Paul Goble
Staunton, Apr. 12 – After experts say Moscow will have to allow tens of thousands of immigrant workers to enter Russia every year for decades or face demographic decline, opposition to such migration has intensified, with one commentator arguing that Russia must rely on its own resources lest the West use these immigrants to spark revolts against Moscow.
For most of the last two decades, workers coming into Russia from other former Soviet republics have kept the overall population of that country from declining. Now, experts say, that influx will be needed for the rest of the 21st century to prevent that decline from turning into a free fall.
Many Russians are alarmed not only because they see this influx reducing the Russianness of Russia, possibly setting the stage for a repeat of 1991, but also because they believe that the immigrants are responsible for bringing disease and violent crime into the country.
(For background, see kasparov.ru/material.php?id=6438F5DA5EDBA, nazaccent.ru/content/40376-demografy-rasskazali-skolko-migrantov-nuzhno-privlech-dlya-sohraneniya-chislennosti-naseleniya.html, nakanune.ru/articles/120661/, iarex.ru/news/93992.html, vz.ru/society/2023/4/11/1206938.html and versia.ru/sredneaziatskim-migrantam-ishhut-zamenu.)

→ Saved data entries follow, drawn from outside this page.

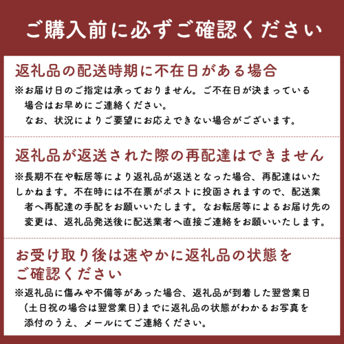※ご不在等により、返礼品を受け取れなかった場合の再出荷は致しかねます。
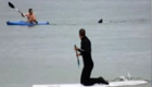 美成群大白鲨现身浅水区紧跟游客
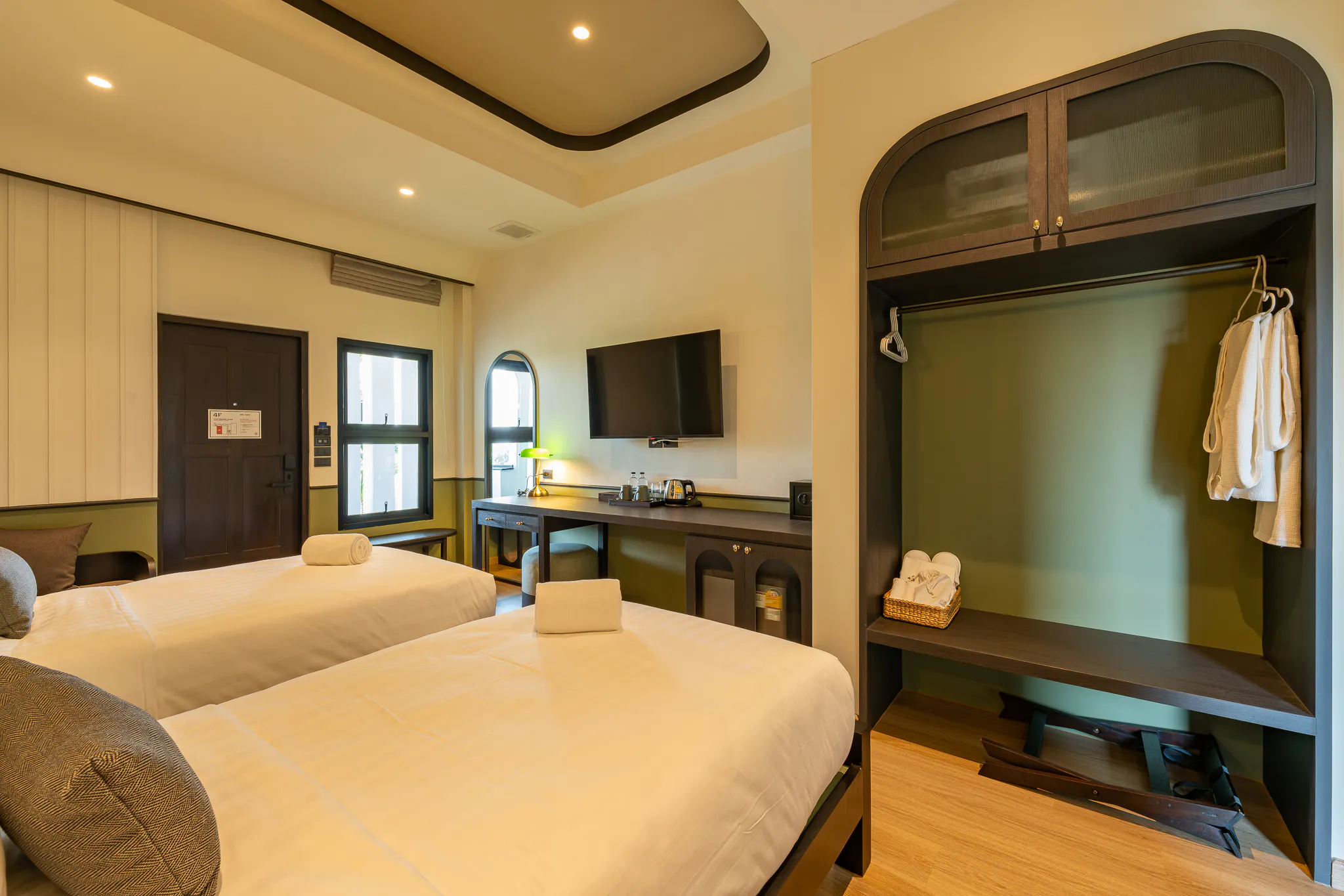 ค้นพบความลงตัวของความสะดวกสบายและฟังก์ชันการใช้งานในห้องพักสแตนดาร์ด เตียงคู่ ขนาดห้องพัก 27.5 ตารางเมตร ที่ออกแบบอย่างลงตัวพร้อมเฟอร์นิเจอร์ครบครัน เช่น โซฟา โต๊ะทำงาน และกระจกเต็มตัว

Because the extensive development of the economy the Kremlin favors requires additional workers, the Russian government has sought to counter such fears even though many of its members likely feel much the same way. But now one writer has come up with a charge about immigrants the Kremlin is likely to find it more difficult to dismiss.
In a commentary for Stoletiye, Valery Panov says that it is long past time for Russians to recognize what is really going on. According to him, the West is promoting immigration to Russia so as to form ethnic ghettoes in major Russian cities that will arm themselves and then destabilize Russia (stoletie.ru/tekuschiiy_moment/a_v_moskvu_jemu_ne_za_pesnami_119.htm).
Statistics show, he continues, that immigrants who get citizenship want to arm themselves and say they will use the weapons to defend not Russia but their communities, which Panov argues, reflect the anti-Russian attitudes the West has promoted in the former union republics of the USSR.
Russia needs to take steps to prevent such immigrants from arriving and doing what the West wants, Panov concludes. Otherwise, the future for Russia will be bleak indeed.